> Task instructions:
All that is needed is the first stretch of the listing below, repeated exactly and ending with the line that contains "18. September 2005: Der". Pictures are to be left out.

-.-.-

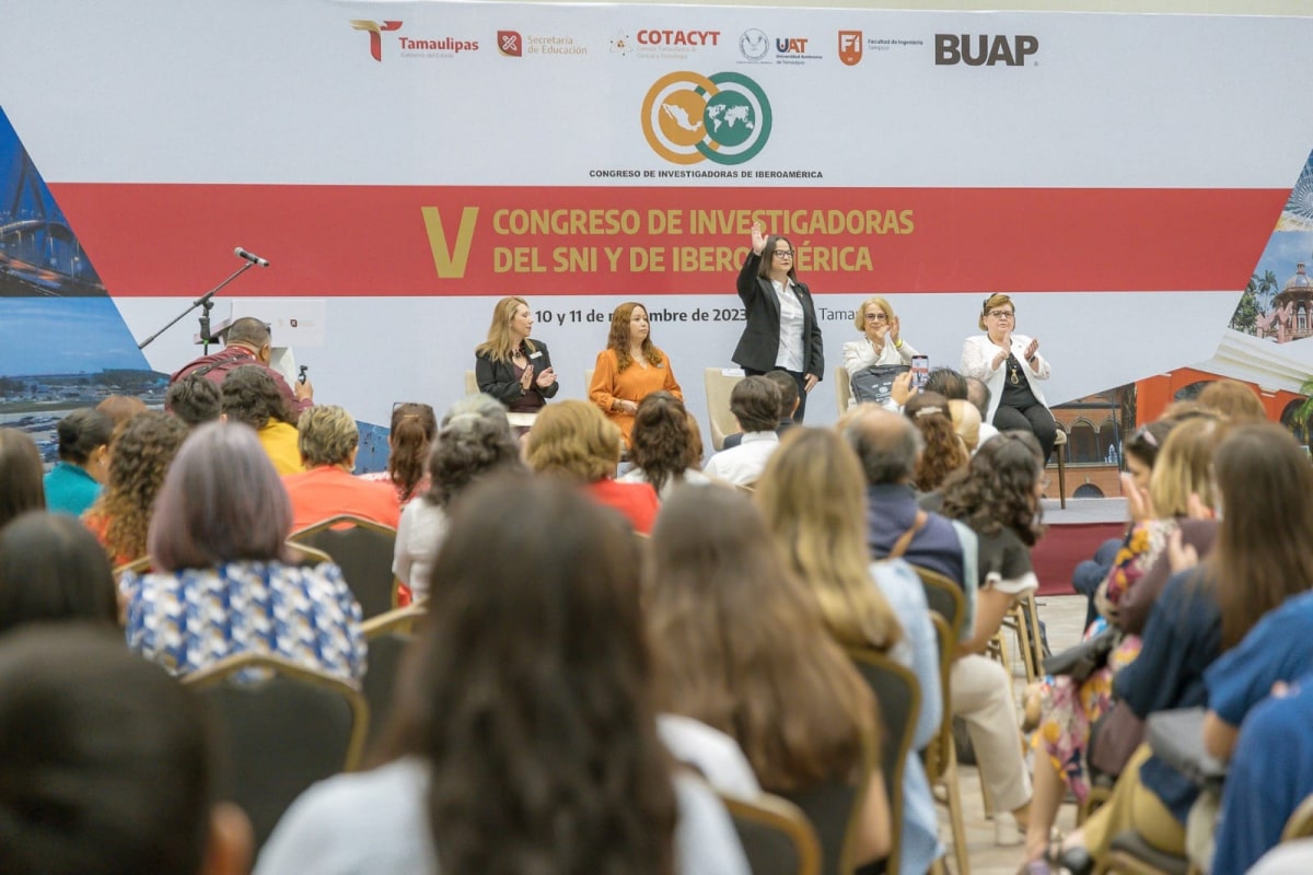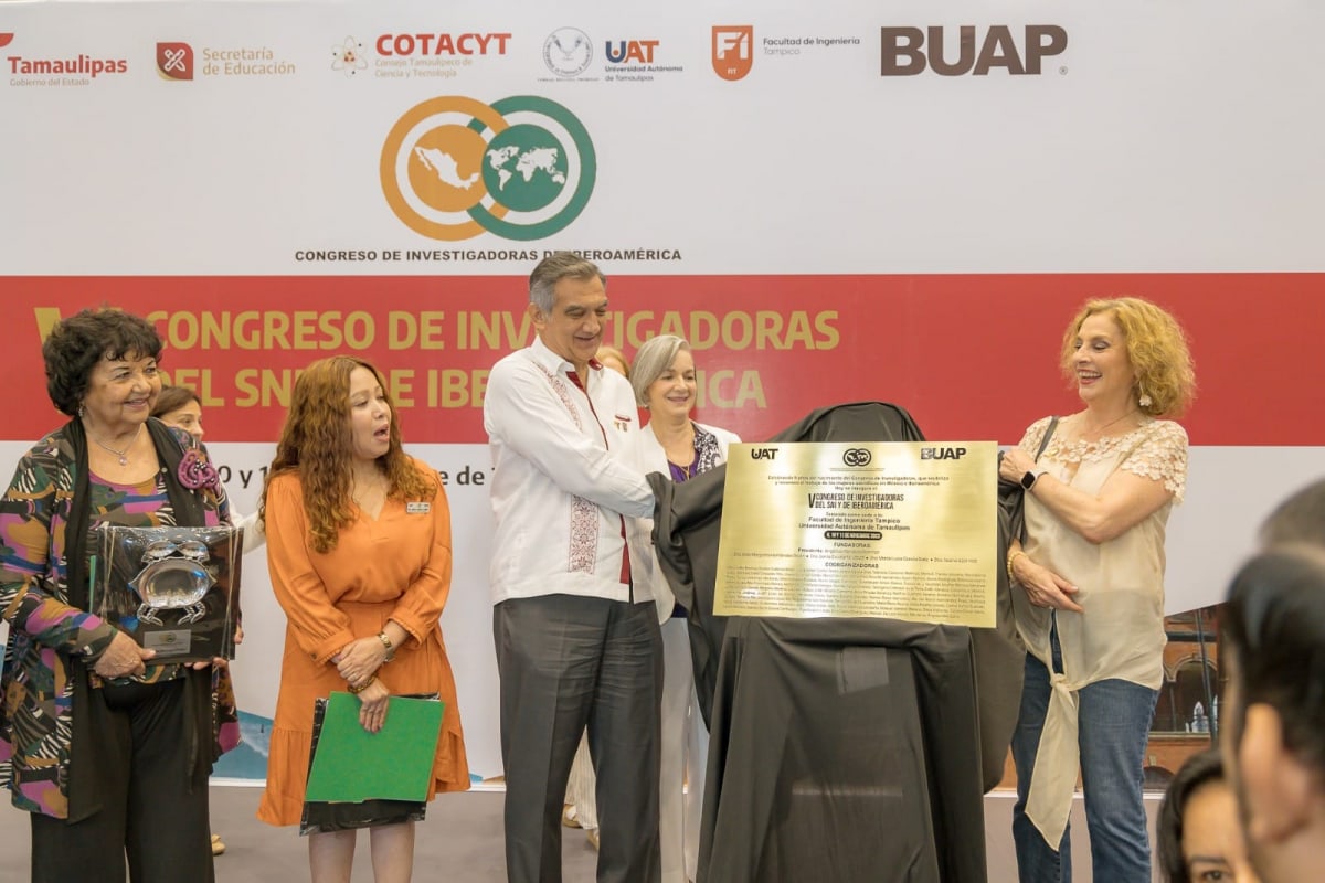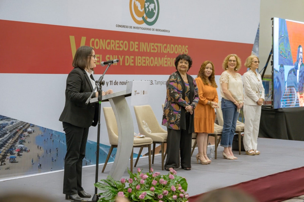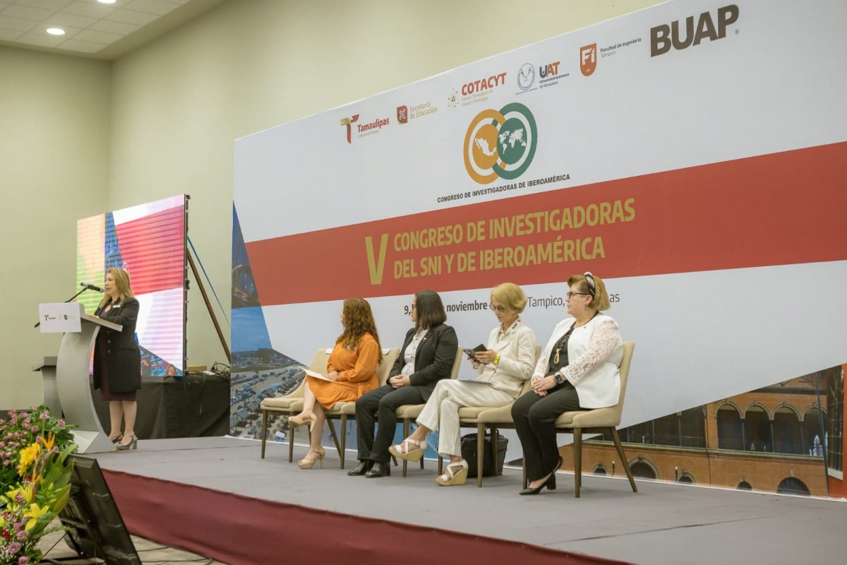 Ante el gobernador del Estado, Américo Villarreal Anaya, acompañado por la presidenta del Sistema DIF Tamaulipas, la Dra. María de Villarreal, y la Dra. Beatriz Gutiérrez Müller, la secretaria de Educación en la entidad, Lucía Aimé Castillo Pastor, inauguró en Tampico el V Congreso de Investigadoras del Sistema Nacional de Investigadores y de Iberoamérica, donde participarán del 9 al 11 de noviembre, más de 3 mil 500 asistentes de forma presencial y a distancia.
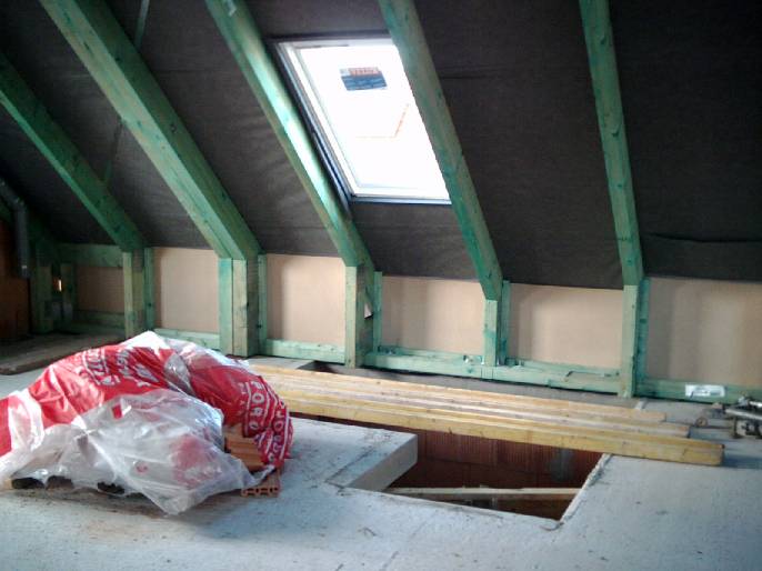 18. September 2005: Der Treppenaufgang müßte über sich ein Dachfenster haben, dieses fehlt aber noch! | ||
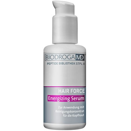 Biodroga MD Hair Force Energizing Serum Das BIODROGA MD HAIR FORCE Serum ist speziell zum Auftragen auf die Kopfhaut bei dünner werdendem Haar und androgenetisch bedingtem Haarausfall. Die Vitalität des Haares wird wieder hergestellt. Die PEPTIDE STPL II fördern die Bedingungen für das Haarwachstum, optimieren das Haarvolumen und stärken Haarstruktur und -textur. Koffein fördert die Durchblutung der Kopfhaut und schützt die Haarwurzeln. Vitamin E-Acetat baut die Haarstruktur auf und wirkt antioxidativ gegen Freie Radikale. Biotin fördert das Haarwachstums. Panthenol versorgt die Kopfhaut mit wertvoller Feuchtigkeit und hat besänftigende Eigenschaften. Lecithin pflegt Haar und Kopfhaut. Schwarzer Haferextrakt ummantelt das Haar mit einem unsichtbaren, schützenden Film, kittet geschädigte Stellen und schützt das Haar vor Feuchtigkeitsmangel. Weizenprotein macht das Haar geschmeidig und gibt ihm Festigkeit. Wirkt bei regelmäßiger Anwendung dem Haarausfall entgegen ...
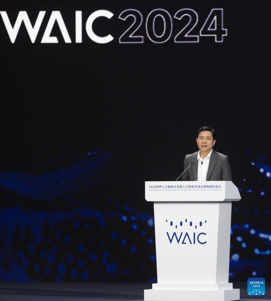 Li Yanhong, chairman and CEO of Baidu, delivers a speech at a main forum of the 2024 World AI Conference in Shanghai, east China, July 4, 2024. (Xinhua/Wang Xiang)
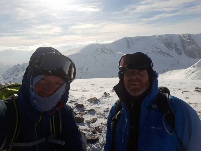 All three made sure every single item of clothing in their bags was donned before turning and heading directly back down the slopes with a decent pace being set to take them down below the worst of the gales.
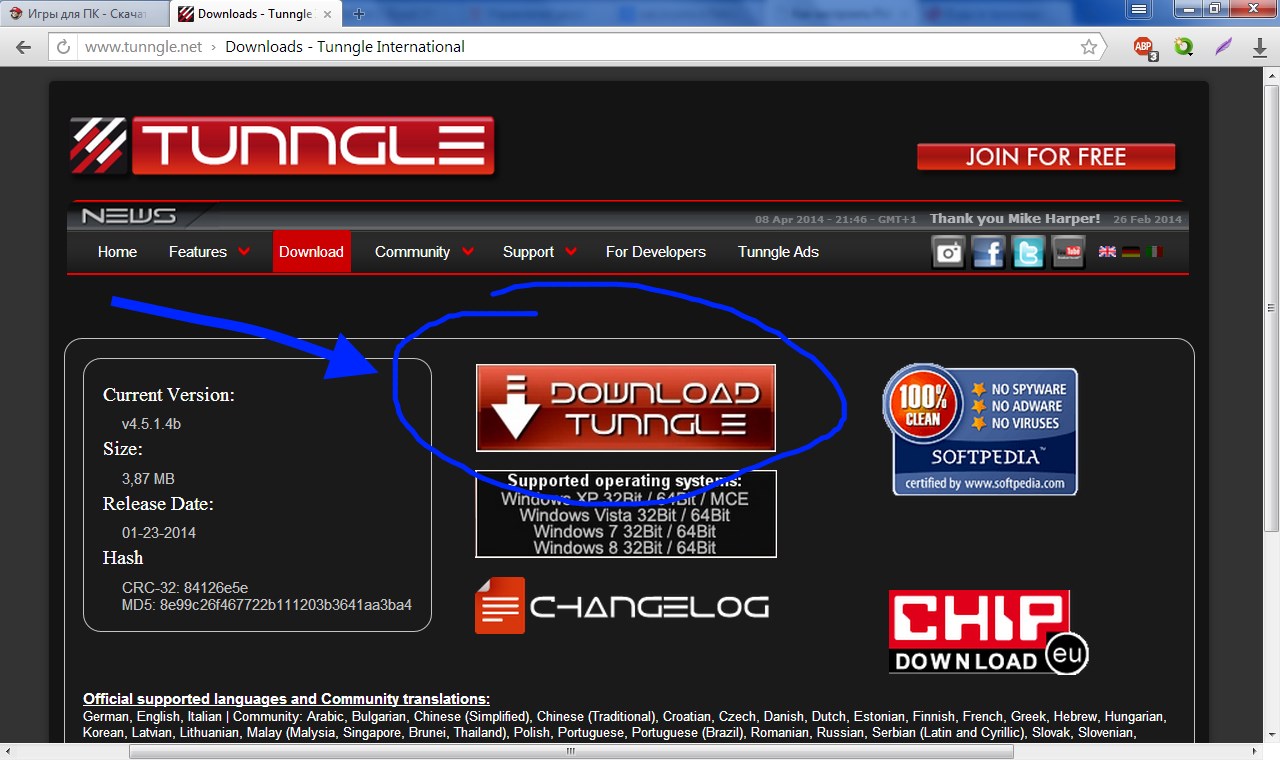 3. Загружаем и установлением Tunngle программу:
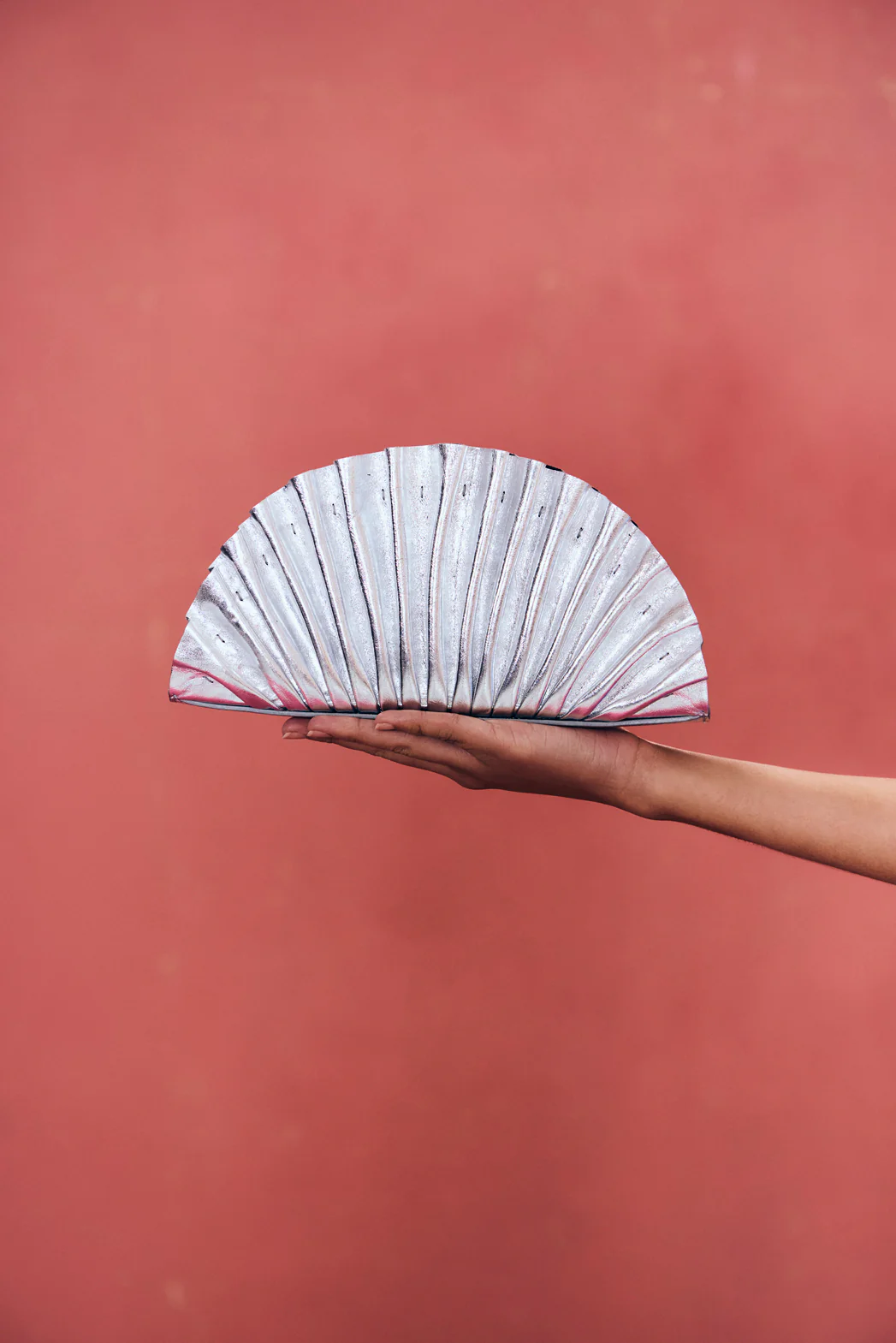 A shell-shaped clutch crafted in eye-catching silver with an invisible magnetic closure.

-.-.-

> Finished exercise:
 Ante el gobernador del Estado, Américo Villarreal Anaya, acompañado por la presidenta del Sistema DIF Tamaulipas, la Dra. María de Villarreal, y la Dra. Beatriz Gutiérrez Müller, la secretaria de Educación en la entidad, Lucía Aimé Castillo Pastor, inauguró en Tampico el V Congreso de Investigadoras del Sistema Nacional de Investigadores y de Iberoamérica, donde participarán del 9 al 11 de noviembre, más de 3 mil 500 asistentes de forma presencial y a distancia.
 18. September 2005: Der Treppenaufgang müßte über sich ein Dachfenster haben, dieses fehlt aber noch! | ||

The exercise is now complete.